По морю путь безопасен тогда: сторожит свои ветры,Не выпуская, Эол, предоставивши море внучатам.
(Пер. С. Шервинского)В истории этой метаморфозы обнаруживается и второй важный подтекст к «Тени друга» — эпизод с Морфеем, то есть Сновидением, являющимся Алкионе в облике покойного мужа. (Морфей, специально изобретенный на этот случай Овидием и эмблематизирующий идею «мета-морфоз», то есть, выражаясь по-современному, morphing’а, дал, кстати, название морфию; а именем halcyon в смысле «богоданного покоя» названо американское снотворное.)

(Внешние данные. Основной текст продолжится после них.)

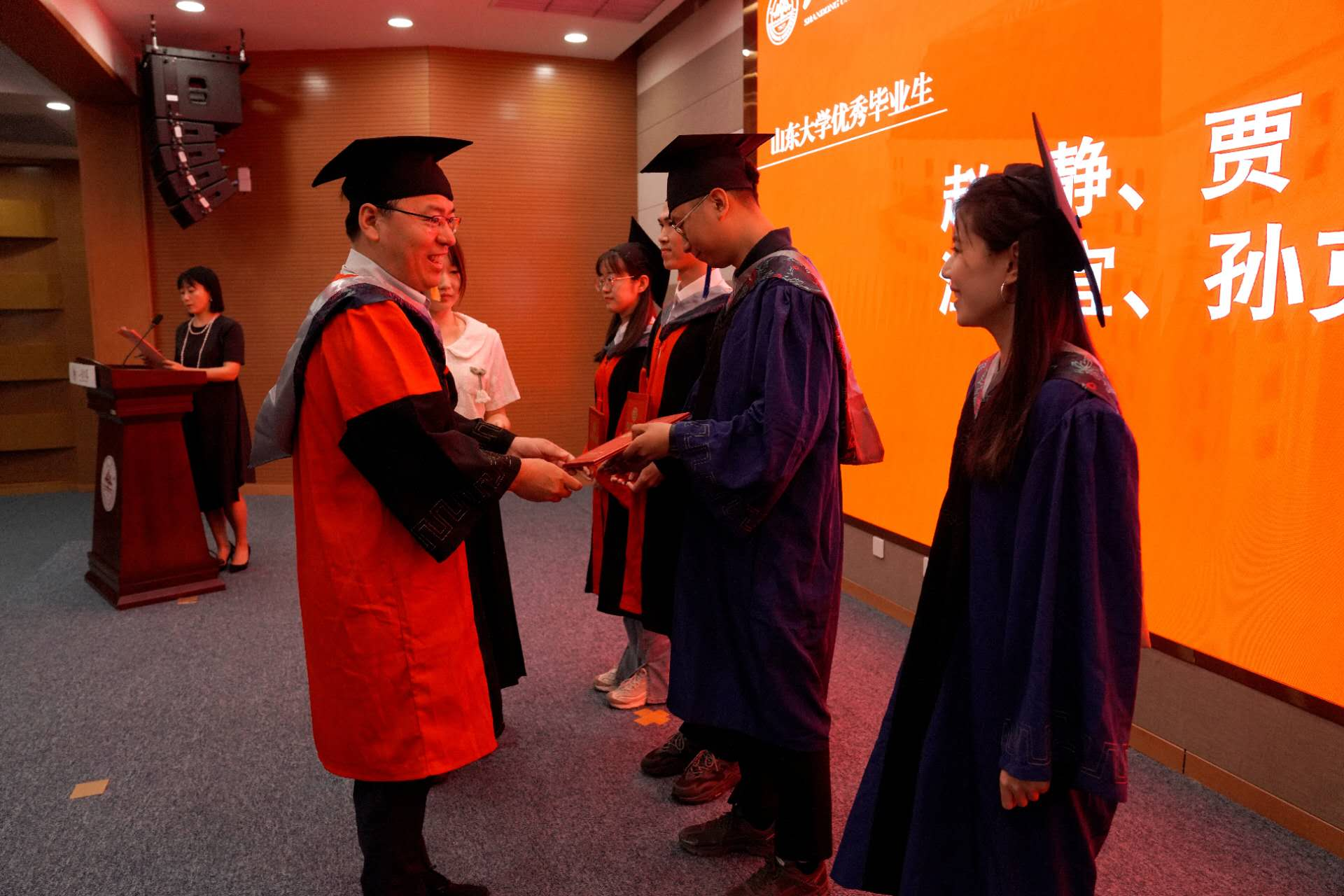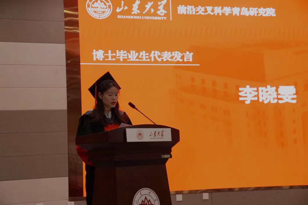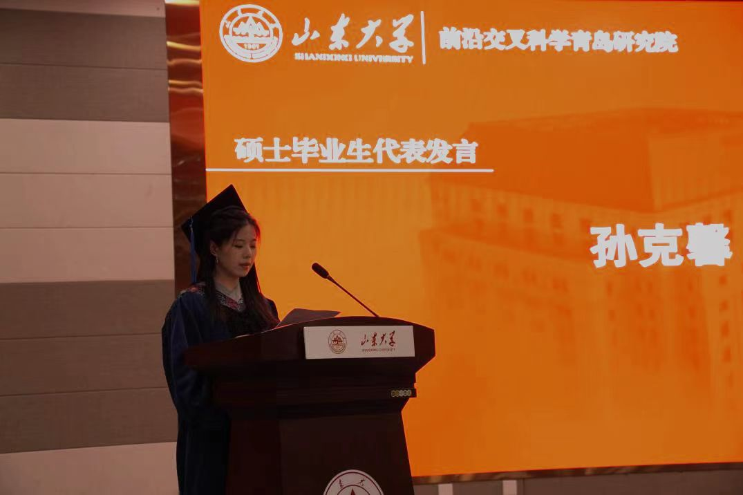博士毕业生代表李晓雯、硕士毕业生代表孙克馨在发言中回顾了求学期间的成长与收获,表达了对母校、研究院和老师们的衷心感谢.并表示在接下来的日子里,时刻秉持“为天下储人才、为国家求富强”的责任担当,不忘“学无止境、气有浩然”的校训教诲,以母校的优良传统为指引,不断追求卓越,不断超越自我,在祖国富强和民族振兴的征程中持续作出山大学子应有的贡献。

Овидиевские подтексты Батюшкова и, значит, гаспаровской открытки могли, в свою очередь, отсылать к статьям самого М. Л. о первом великом поэте-изгнаннике, в частности — к книге «Скорбные элегии. Письма с Понта» (М., 1978, Литературные памятники) с его комментариями и переводами. Ее экземпляр он подарил мне перед моим отъездом в эмиграцию, снабдив посвящением в форме элегического дистиха:
Знал над стихами Назон, что на Понте он пишет для Рима;Ныне где Понт и где Рим — сам не ответит Эдип.
(23/X-78)Сходится, однако, не все. Зимородок — не чайка (а реальный зимородок гнезд вообще не вьет: он кладет яйца в прибрежные ямки), Испания — не Альбион, Эдипу не было дела до Рима, Батюшков отплыл из Англии (в Швецию) не в конце декабря, а в июне (1814 года), да и «Г» — лишнее… Кстати, от этого «Г» зависит толкование имени Гальционы/Алкионы в качестве то ли «морской гончей» (hal-cyon), ошибочное, то ли «охранительницы, стражницы» (alcy-one), правильное; между прочим, мотив «стражи» есть и в «Тени друга», и в реплике Лауры, а также в моем имени, означающем «охранитель мужей» (alexo + andr-) и таким образом отчасти родственном Алкионе.
Что касается разницы между зимородком и чайкой, то у Овидия Кеик и Алкиона превращаются богами просто в неопределенных «птиц». Различие удобно смазывается также употреблением обобщенного единственного числа, одного на двоих: ambo alite mutantur, букв. «оба превращаются в птицу». По другим источникам, оба становятся зимородками. Наконец, согласно третьим, Алкиона обращается в зимородка, а Кеик — в чайку, что соответствует греческому значению его имени (Ceyx = «морская чайка»; но заманчивая этимология чайка ‹ keyk-s, к сожалению, некорректна: оба слова имеют звукоподражательное происхождение, но каждый свое; как сообщает запрошенный по электронной почте Старостин, греческому keyk — соответствует в русском не чайка, а… сова). Союз чайки с зимородком создает серьезные проблемы межвидового скрещивания, каковые, впрочем, лишь контрастно оттеняют преодолевающую все преграды силу любви (ведь и наказаны-то богами Алкиона и Кеик были, по одной из версий, за переоценку своей любви — за то, что называли друг друга Герой и Зевсом), ну и, конечно, могущество богов.